2006/12/25 | Permalink | Source

Like his unconventional films, Im Sang-soo defies any expectation one could have about the way an established director should look. Instead of bulky jackets or classic suits, Lim comes with a black and white t-shirt, an earring on one ear and a sporty mullet hairstyle. The serious-minded director doesn't appear serious.

His buoyancy and distaste for holier-than-thou attitudes show themselves in the characters of his new film "The Old Garden" set for nationwide release on Jan. 4. The story of a doomed love between a democracy activist (Ji Jin-hee) and a teacher (Yum Jung-ah) against the gloomy backdrop of the 1980s isn't overly sentimental and sometimes sounds even cheerful, recalling the couple's six-month affair and separation in the era of suppression.

"In the face of death and retracing her solitary life, Han Yun-hi (Yeom) feels that the love of six months was the most powerful experience", he said in an interview at a cafe near his residence in Seoul.

"But I had a talk with Yeom about the plot.

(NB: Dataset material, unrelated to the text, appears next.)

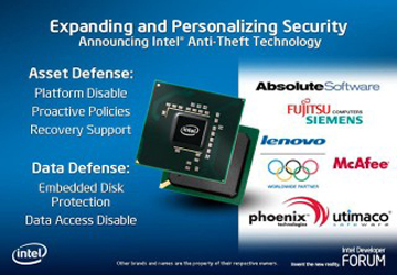 Công nghệ chống trộm tùy chọn Intel Anti-Theft (Intel AT) dành cho các máy tính xách tay sử dụng công nghệ vi xử lý Intel Centrino 2 với công nghệ vPro. Công nghệ Intel AT đưa ra lựa chọn kích hoạt thông qua một nhà cung cấp phần mềm độc lập (ISV) bảo mật hoặc một nhà cung cấp dịch vụ, một công nghệ thông minh dành cho hệ thống máy khách được tích hợp ngay tại phần cứng để cho ngừng hoạt động của hệ thống và/hoặc khả năng tiếp cận tới các dữ liệu được mã hóa trong trường hợp bị mất hoặc bị trộm.

I said Han's life would be desolate, but don't let her look desolate, let her look tough sometimes", he said.

The reticency was a way for Lim to deliver a melodrama from the 1980s, when pursuing romance almost felt like a sin. Young people sometimes jumped off buildings or set fire to themselves as a protest against the military dictatorship.

Adapted from the novel of the same title by acclaimed writer Hwang Suk-young, the story unfolds with the release of Hyeon-u, in his late 40s, after serving 17 years in jail for opposing the military government of Chun Doo-hwan. The first news he gets to hear is the death of his long-lost love.

While the director calls it a melodrama, its backdrop is entwined with politics. The film comes out as the activist generation has become the power holders in South Korean society as lawmakers and presidential contenders. Once praised as personifying the democracy movement, they are now the target of political wrangling, denounced by conservative critics and media as self-righteous and incompetent under the liberal Roh Moo-hyun administration.

Recalling the sensitive era, Lim remains balanced. The film may sound like an ode to the activism of the 1980s at first but it also gives a critical look, such as the scene when a young activist gets peer pressure to turn himself in to the authorities simply to make newspaper headlines and draw public attention to their struggle. The era evolved with great energy of young activists to topple the dictatorship, but it also silenced critics and created another kind of suppression within their community.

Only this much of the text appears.